The cellist Anssi Karttunen first premiered his Concerto for violin and cello at the Maison de Radio France in 1989. He composed Ecume for string quartet for the Radio Suisse Romande and Radio Canada. For the Central German Broadcasting (MDR) (the occasion was the 70th anniversary of Bauhaus in Dessau) he composed A Garden for Orpheus for horn, basset horn and strings. The Nouvel Ensemble Contemporain Chandigarh premiered his work for 17 instruments and megaliths – Lutéce for horn.
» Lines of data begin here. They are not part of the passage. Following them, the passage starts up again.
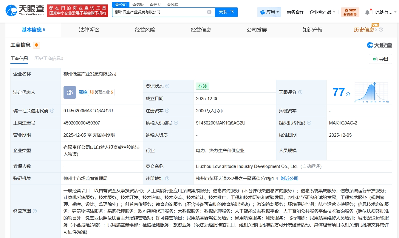 天眼查app显示,近日,柳州低空产业发展有限公司成立,法定代表人为邵铭,注册资本2000万人民币,经营范围含以自有资金从事投资活动、人工智能行业应用系统集成服务、信息咨询服务、信息系统集成服务、信息系统运行维护服务、计算机系统服务、工程和技术研究和试验发展、农业科学研究和试验发展、工程技术服务等。股东信息显示,该公司由广西柳州市轨道交通投资发展集团有限公司全资持股。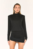 Slip into the MELIA Black Shoulder Pad Dress for a playful twist on a classic little black dress. With its stretchy fabric and bold shoulder pads, it hugs your curves while adding a confident, stylish edge.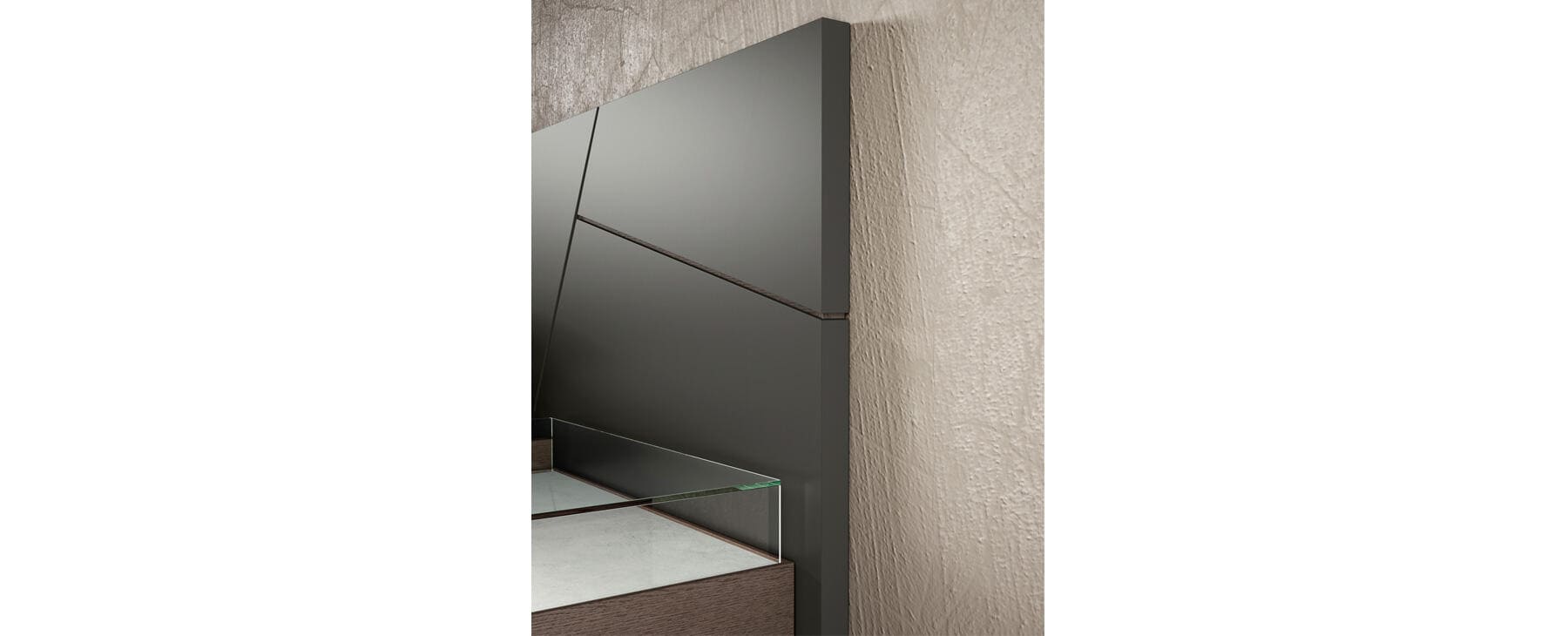 La combinación de acabados aporta un plus en la gama de dormitorios modernos, de líneas originales y llamativas.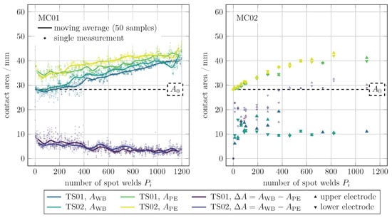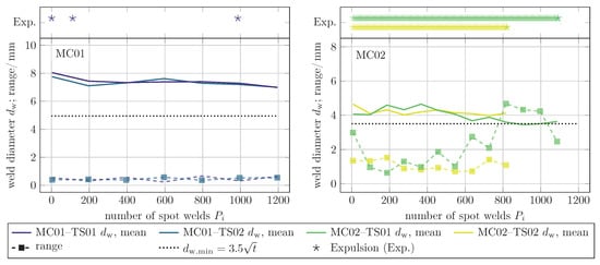 Measured weld diameters after DT over the number of spot welds decreased slightly for both MC (Figure 11). While of MC01 showed little variation with a small range, strongly fluctuated at the beginning and from around 400 spot welds of MC02. Looking at the occurrence of weld expulsions, MC01 and MC02 showed huge differences. Whereas nearly no expulsions occurred in MC01, they appear in almost every weld of MC02 at the sheet interface.

Under the direction of Fabio Luisi, the commission of the Radio Suisse Romande Oyama for orchestra was presented by the Orchestre de la Suisse Romande in 2000. It was live broadcast in the western Swiss television. Later performances followed in Weimar and Leipzig Gewandhaus with the MDR Symphony Orchestra under Fabio Luisi. There were broadcasts in France Musique. The piece was presented to the International Rostrum of Composers of the UNESCO in Paris.
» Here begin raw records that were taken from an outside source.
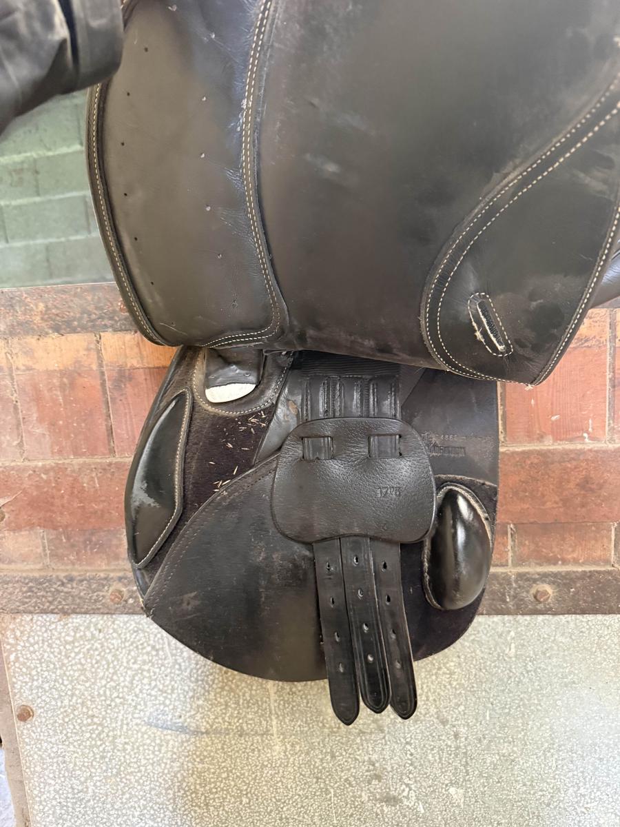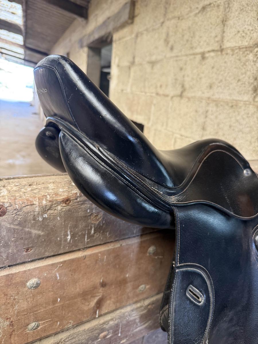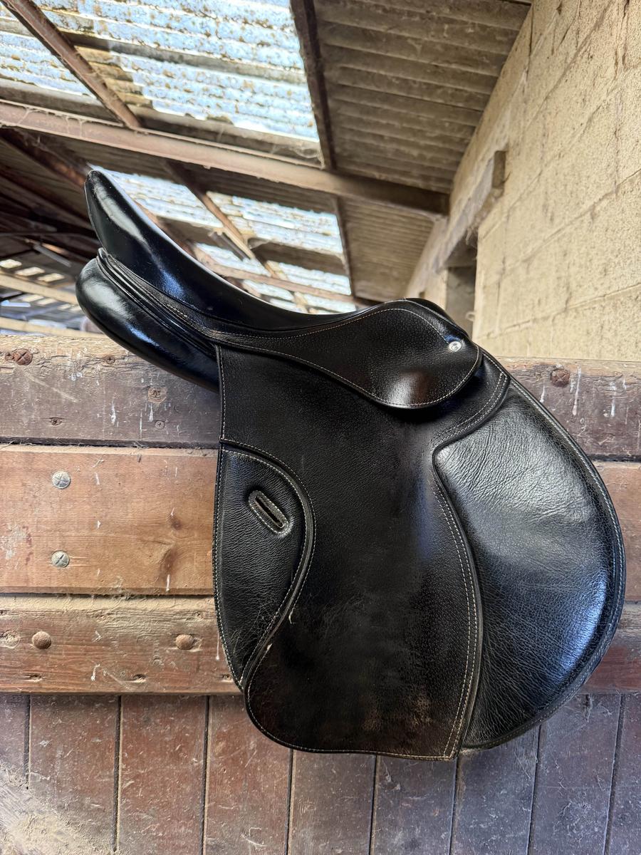 selle fouganza 17.5 pouces noir tout petit défaut de couture sur un quartier largement réparable qui ne gêne rien son utilisation Remise en main propre sur Toulouse ou envoi possible, mais pas de retour vendu avec l’arcade M Mais peut être interchangeables avec un kit Décathlon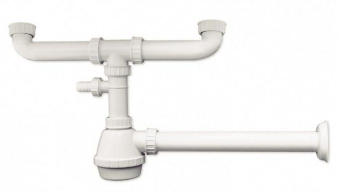 - Îndoiere duplicat. Are un sifon special conceput pentru chiuvete cu două boluri. Le selectăm canalul de scurgere cu numărul necesar de robinete. Este un astfel de dispozitiv care este afișat în fotografia de mai jos.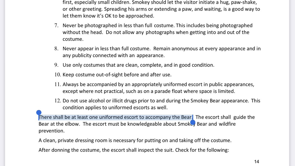 “There shall be at least one uniformed escort to accompany the Bear. The escort shall guide the Bear at the elbow. The escort must be knowledgeable about Smokey Bear and wildfire prevention.”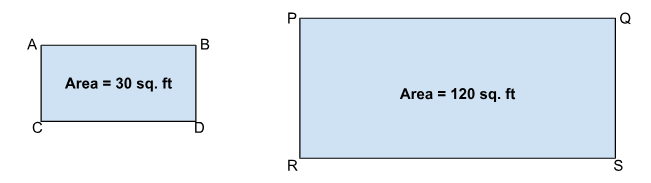 The figures below are both similar rectangles. The larger rectangle is the scaled copy.

Darbellay worked closely with Siegfried Palm. Their first encounter occurred at a course of György Kurtág in Bern. Palm composed a piece for two pianos and two basset horn that Darbellay arranged in 1991 at the Witten Days for new chamber music.

His music has already been included in many international contemporary music festivals like the Festival Alternativa (Moscow), the Festival Presences (Paris) of Radio France, the Pan Music Festival (Seoul) and several World Music Days (Bucharest, 1999, Luxembourg 2000, Hong Kong in 2002 and 2007 and Ljubljana 2003) of the International Society for Contemporary Music.

In 1978 Darbellay founded the Ludus Ensemble, whose conductor he is. Together with other composers he founded the Festival L'art pour l'Aar and the Groupe Lacroix. From 1994 to 2007 he was chairman of the Swiss Society for New Music. Tours have taken him through Europe, the United States, Canada, South America, Asia and Australia. He composed 150 works, including a chamber opera.

There are recordings with the Stuttgart Radio Symphony Orchestra, the MDR Symphony Orchestra under Fabio Luisi (including Leipzig Horn Quartet, Ensemble Sortisatio, Leipzig Percussion Ensemble), the Moscow Philharmonic Orchestra, the Orchestra della Svizzera Italiana, the Bern Symphony Orchestra and the Kammerorchester Basel. Most of his works are published at Edition Modern and G. Ricordi.